The Museum of the American Indian (formerly the Marin Museum of the American Indian) was founded in 1967 and is located in Novato, California, U.S. on the site of a former Coast Miwok settlement. The museum is within the 35 acre of Miwok Park in northern Marin County.

== History ==
Founded in 1967, after the Novato High School Archaeology Club petitioned the Novato board of supervisors to lobby for an antiquities ordinance to ensure the preservation of the local artifacts and remains. The ordinance was approved. In May 1967, the Novato High School Archaeology Club published their official “Report on the Excavation of Marin – 374." This led to a write-up in the December 1967 issue of the magazine “Scientific American.” Club member, Pete Moore advocated for a location to house the artifacts unearthed during the club's digs.
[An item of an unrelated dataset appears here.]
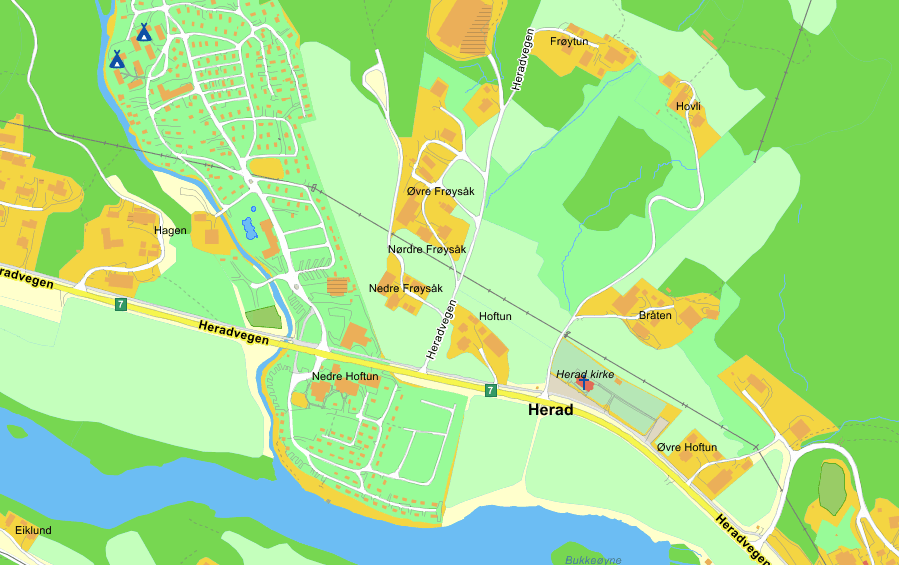 | 5. Hoftun. Udt. hø`fftúnó (kun én opgav -túnadn). ― [Hoff- tum NRJ. IV 577, 1542]. Houfftun 1578. [Hofftun JN. 351]. Hoff- thun 1593. Hafftonn 1604.1/1. 1617. Hafftoren 1657. Hoffthun St. S. 128. Haftorn 1723 (2 Opsiddere). Samme Navn i Suldal. Skrivemaaden Haftorn beror maaske paa folke- etymologisk Tilknytning til Hagtorn: Wiel f. Ex. skriver Trænavnet “Haftorn”; jfr. dog Hagtor for Hafþórr (Lind, Dopnamn S. 443 ff.) og Bd. VI S. 392. *Hoftúnir, af hof n. “Gudetempel” og tún n. “indhegnet Sted, Gaardsplads: Gaarden har visselig oprindelig hørt til Frøyshovet (se GN. 4). Sml. Sigdal GN. 94. Hoftun og Frøisaaker ligger i Grænden Hera (GN. 1-9, udt. hæ`ra), der ved sit Navn (oldn. herað n. “Herred”) angiver sig som den tidligst bebyggede Del af Distriktet. Jfr. om Heradsbygden under “Gamle Bygdenavne” i Norderhov. Hera er ogsaa Navn paa en Bygd i Lister. [English translation] Same name in Suldal. The writing style Haftorn is perhaps due to folk etymological Connection to hawthorn: Wiel f. Ex. writes Tree Name “Haftorn”; cf. however Hagtor for Hafþórr (Lind, Dopnamn S. 443 ff.) and Bd. VI S. 392. *Hoftúnir, af hof n. “God’s temple” and tún n. “fenced place, farmyard: The farm certainly originally belonged to Frøyshovet ( see GN. 4). Sml. Sigdal GN. 94. Hoftun and Frøisaaker are located in Grænden Hera (GN. 1-9, ext. hæ`ra), which by its name (oldn. herað n. “Herred”) indicates itself as the earliest inhabited part of the district. Cf. about Heradsbygden under “Gamle Bygdenavne” in Norderhov. Here is also the name of a village in Lister. |
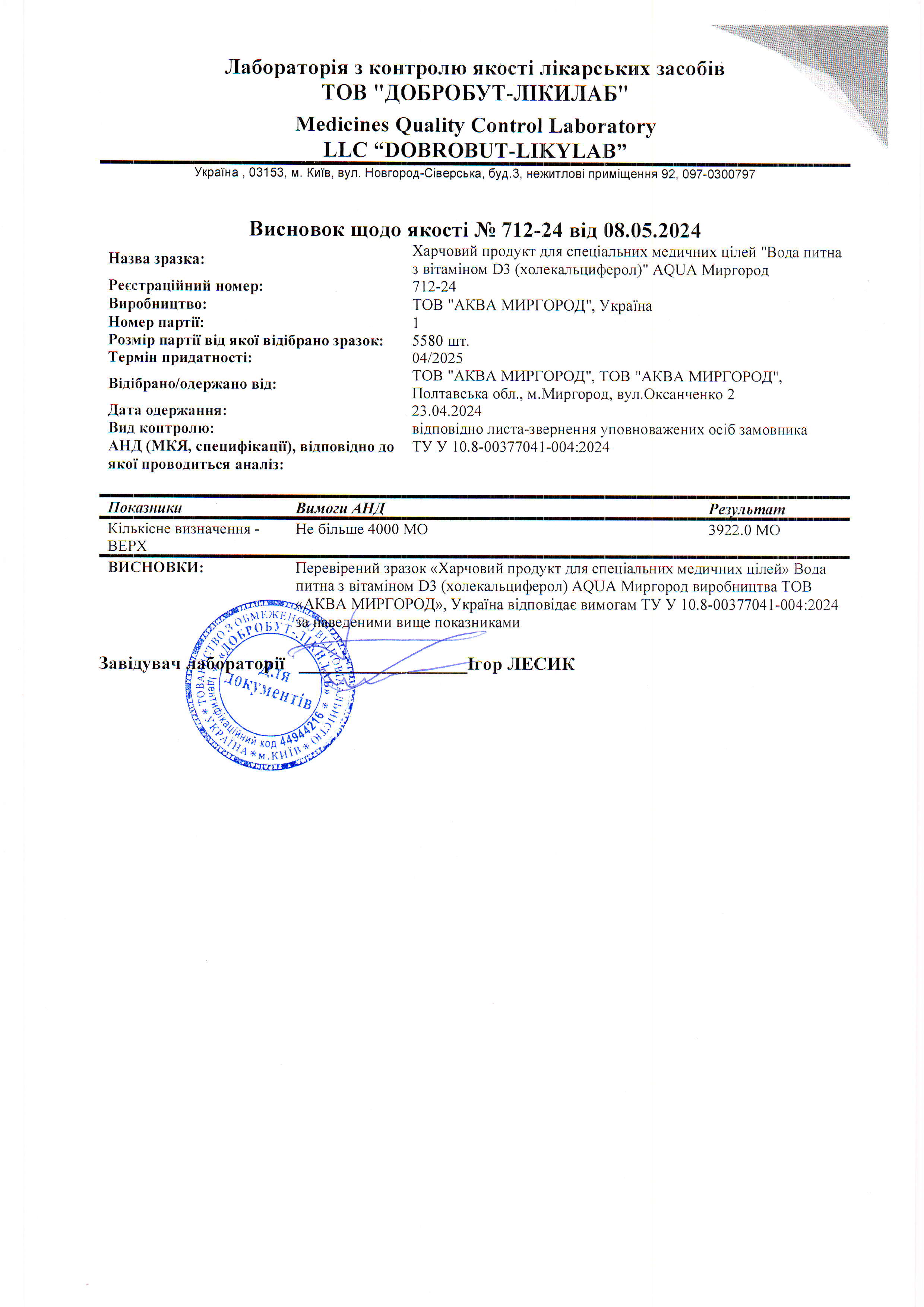 - Підтримка імунної системи: регулярне споживання води «AQUA Миргород» D3 допомагає підтримувати імунну систему на високому рівні, знижуючи ризик захворювань.

In 1967, the Museum of the American Indian opened its doors.

== About ==
Today, over 7,000 people visit the museum annually, including 4,000 school children from around the Bay Area. The museum collection includes Native American artifacts, paintings, photography, and more.

The museum also hosts an annual Trade Feast in Miwok Park which features indigenous dancers, basket weaving and arrow head napping demonstrations, children's activities, native foods, and more. The Museum is open from 12:30 p to 4:30 p Friday through Sunday and hosts free activities throughout year.